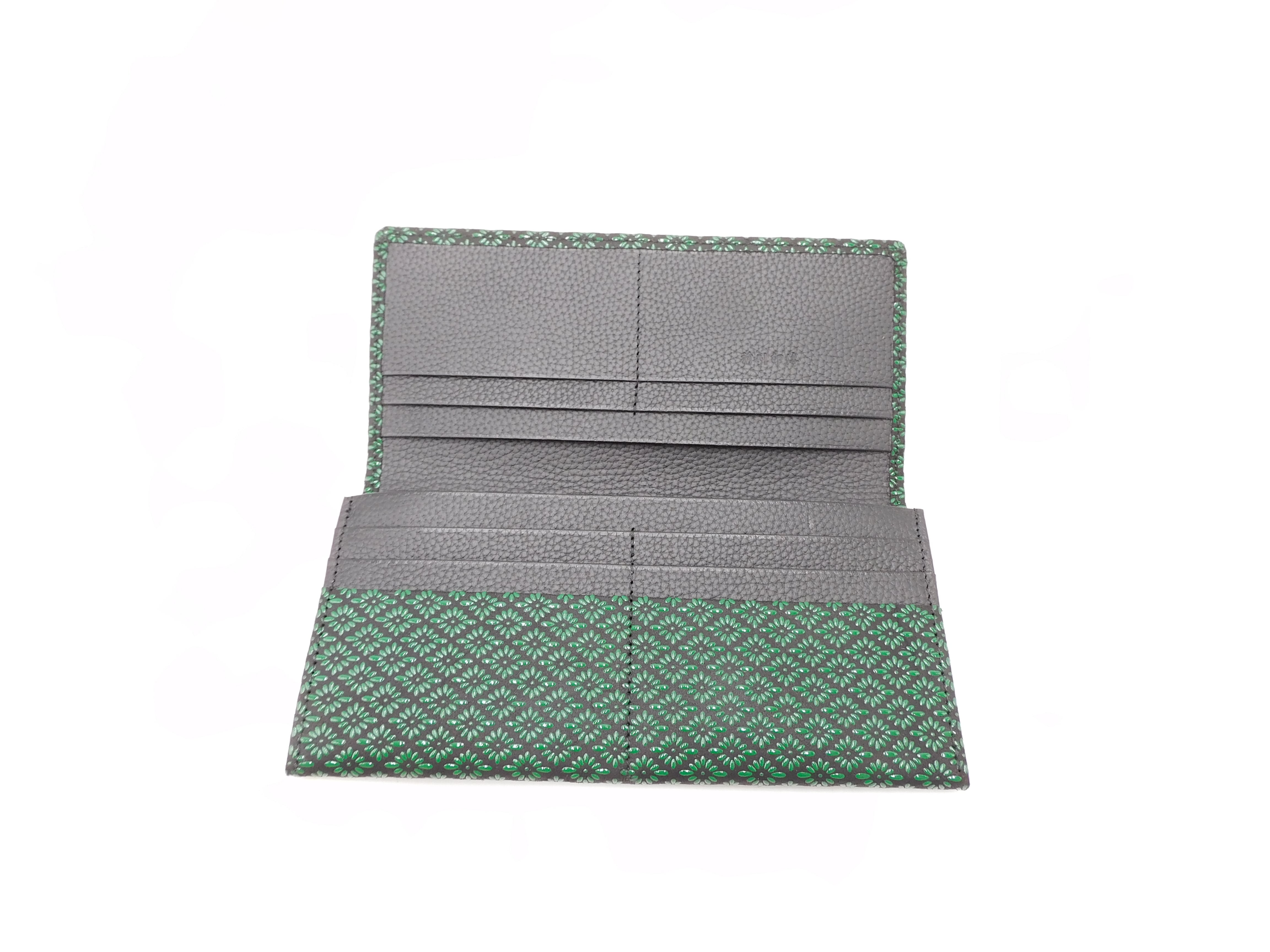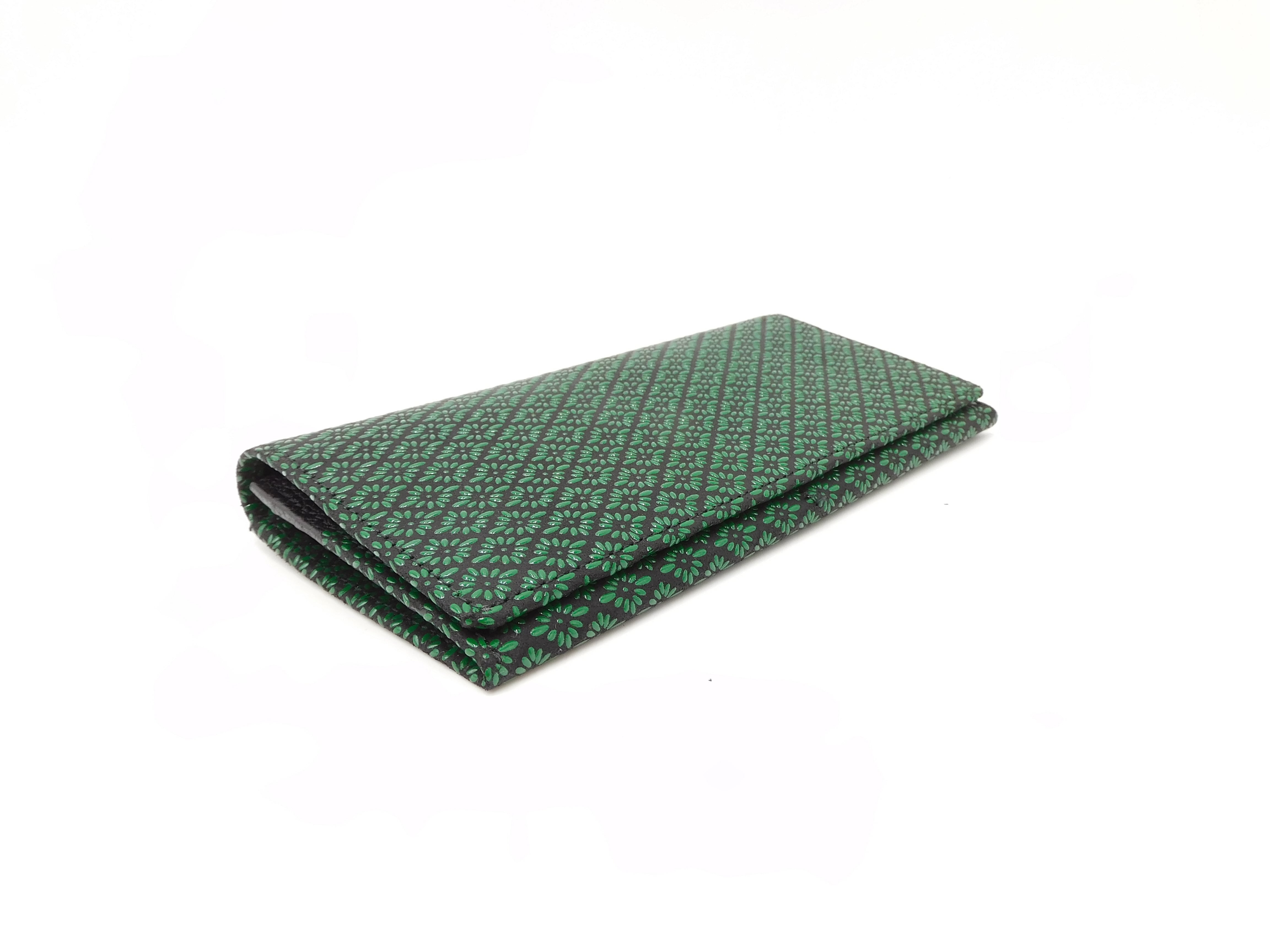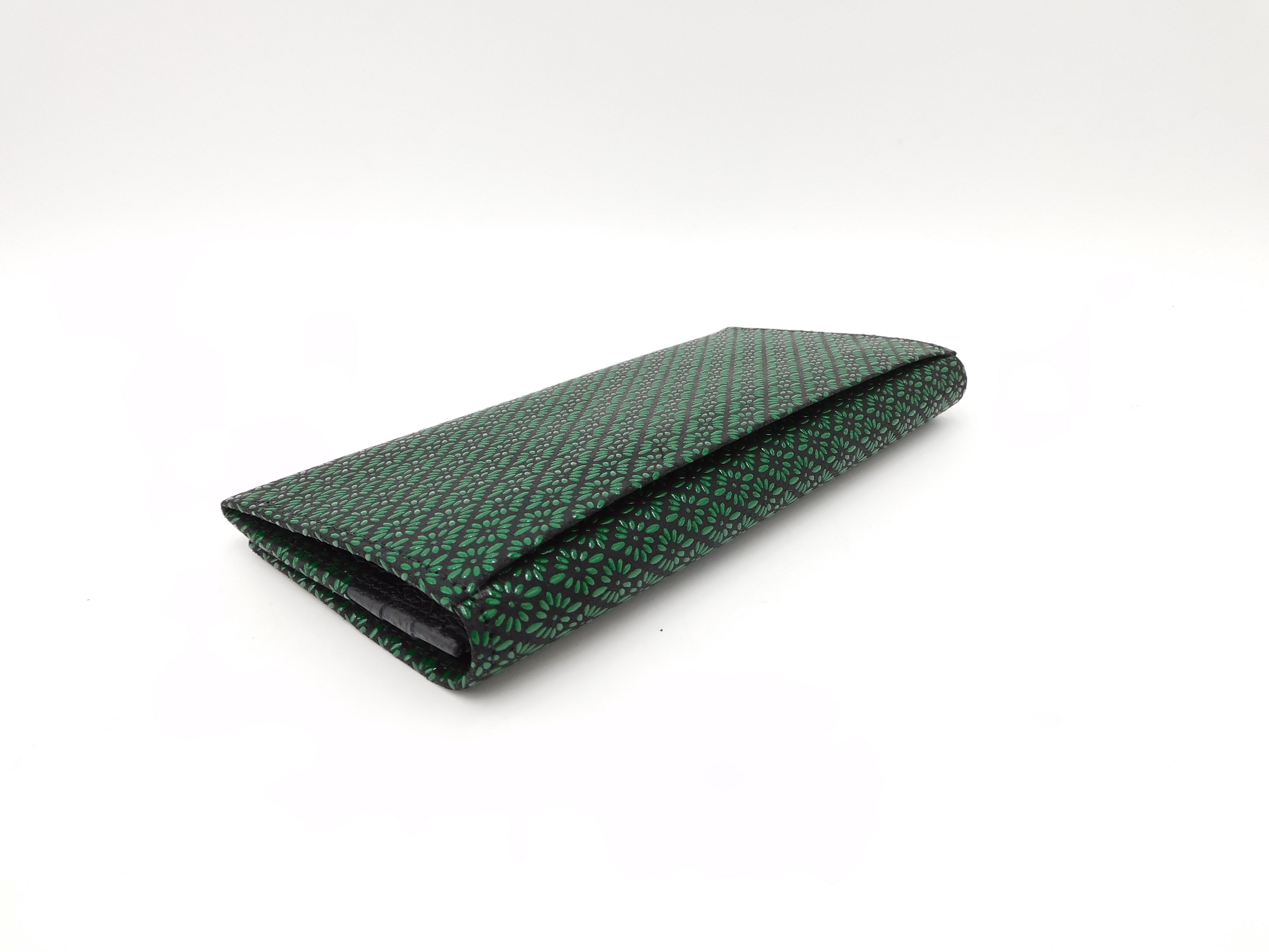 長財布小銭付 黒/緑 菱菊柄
* * *
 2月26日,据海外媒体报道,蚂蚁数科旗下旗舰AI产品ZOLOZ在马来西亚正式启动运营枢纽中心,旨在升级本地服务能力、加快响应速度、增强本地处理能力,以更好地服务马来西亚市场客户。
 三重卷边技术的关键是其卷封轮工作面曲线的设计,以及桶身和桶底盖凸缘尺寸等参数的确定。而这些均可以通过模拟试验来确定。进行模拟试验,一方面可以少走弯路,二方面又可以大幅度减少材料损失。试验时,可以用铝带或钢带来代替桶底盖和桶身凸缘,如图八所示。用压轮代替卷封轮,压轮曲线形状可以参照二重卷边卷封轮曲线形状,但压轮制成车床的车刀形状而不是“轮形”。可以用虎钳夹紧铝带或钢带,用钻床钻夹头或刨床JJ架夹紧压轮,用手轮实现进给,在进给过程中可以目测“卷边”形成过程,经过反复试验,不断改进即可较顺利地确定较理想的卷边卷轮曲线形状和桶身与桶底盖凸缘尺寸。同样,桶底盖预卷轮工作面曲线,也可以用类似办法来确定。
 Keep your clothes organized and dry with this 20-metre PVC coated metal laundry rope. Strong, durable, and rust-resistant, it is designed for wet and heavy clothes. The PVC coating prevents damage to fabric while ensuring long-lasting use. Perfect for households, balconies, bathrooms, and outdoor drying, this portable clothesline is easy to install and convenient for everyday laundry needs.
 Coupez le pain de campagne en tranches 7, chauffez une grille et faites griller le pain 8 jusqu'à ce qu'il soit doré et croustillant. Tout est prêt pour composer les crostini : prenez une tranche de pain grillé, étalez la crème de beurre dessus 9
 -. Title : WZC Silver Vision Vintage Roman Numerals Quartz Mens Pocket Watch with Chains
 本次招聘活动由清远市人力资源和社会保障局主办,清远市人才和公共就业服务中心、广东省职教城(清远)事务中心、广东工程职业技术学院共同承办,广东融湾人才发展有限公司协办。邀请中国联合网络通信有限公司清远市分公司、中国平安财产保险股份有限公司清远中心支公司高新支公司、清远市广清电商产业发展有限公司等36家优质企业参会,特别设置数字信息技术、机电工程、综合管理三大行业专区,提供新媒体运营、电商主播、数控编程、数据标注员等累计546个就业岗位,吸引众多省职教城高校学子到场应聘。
---
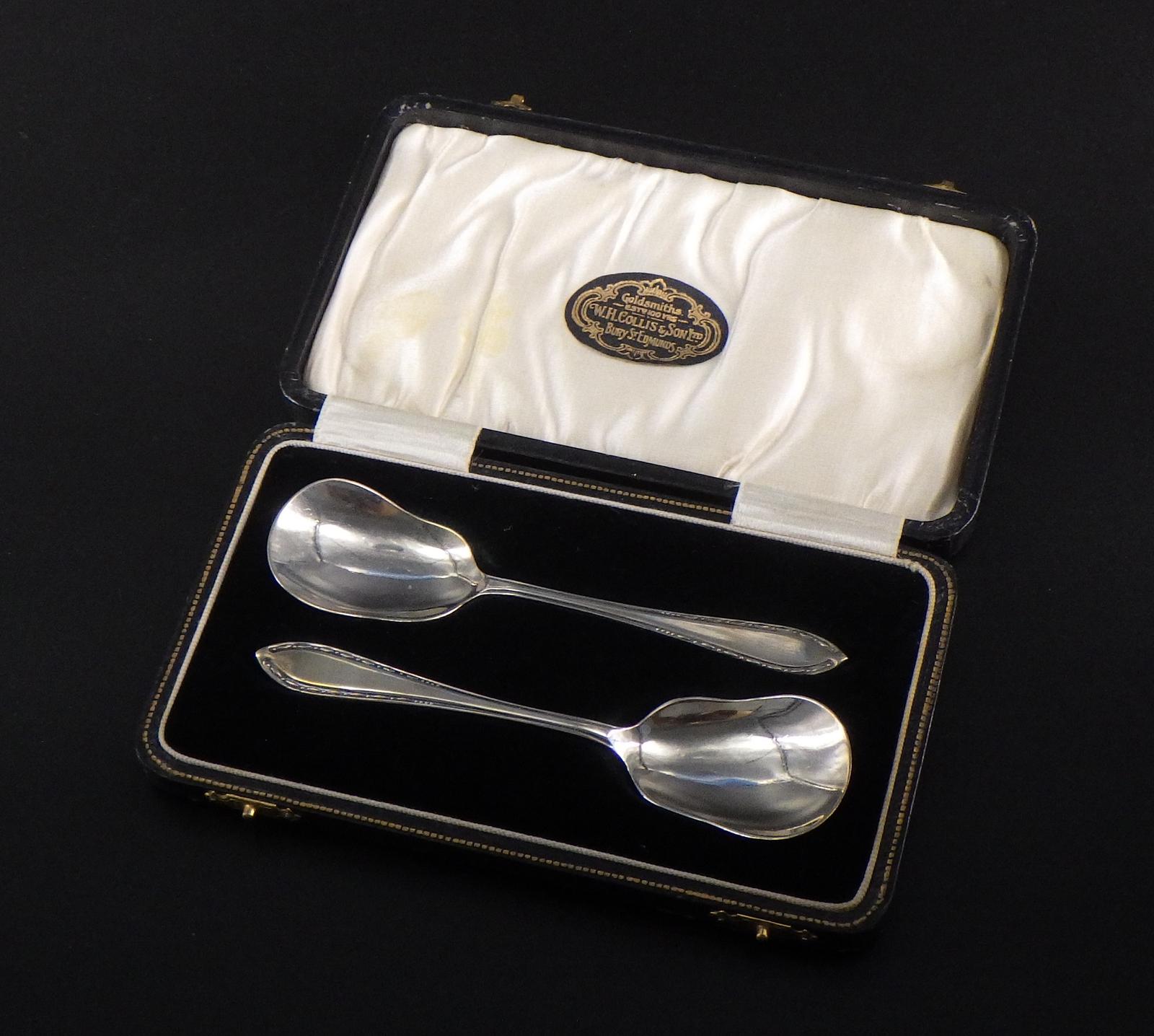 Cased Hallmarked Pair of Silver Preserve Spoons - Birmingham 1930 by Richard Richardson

### Exercise objective
Copy out, exactly and alone, the lines of the entries above between the ones holding "2月26日,据海外媒体报道,蚂蚁数科旗下" and "三重卷边技术的关键是其卷封轮", inclusive.

### Reply
 2月26日,据海外媒体报道,蚂蚁数科旗下旗舰AI产品ZOLOZ在马来西亚正式启动运营枢纽中心,旨在升级本地服务能力、加快响应速度、增强本地处理能力,以更好地服务马来西亚市场客户。
 三重卷边技术的关键是其卷封轮工作面曲线的设计,以及桶身和桶底盖凸缘尺寸等参数的确定。而这些均可以通过模拟试验来确定。进行模拟试验,一方面可以少走弯路,二方面又可以大幅度减少材料损失。试验时,可以用铝带或钢带来代替桶底盖和桶身凸缘,如图八所示。用压轮代替卷封轮,压轮曲线形状可以参照二重卷边卷封轮曲线形状,但压轮制成车床的车刀形状而不是“轮形”。可以用虎钳夹紧铝带或钢带,用钻床钻夹头或刨床JJ架夹紧压轮,用手轮实现进给,在进给过程中可以目测“卷边”形成过程,经过反复试验,不断改进即可较顺利地确定较理想的卷边卷轮曲线形状和桶身与桶底盖凸缘尺寸。同样,桶底盖预卷轮工作面曲线,也可以用类似办法来确定。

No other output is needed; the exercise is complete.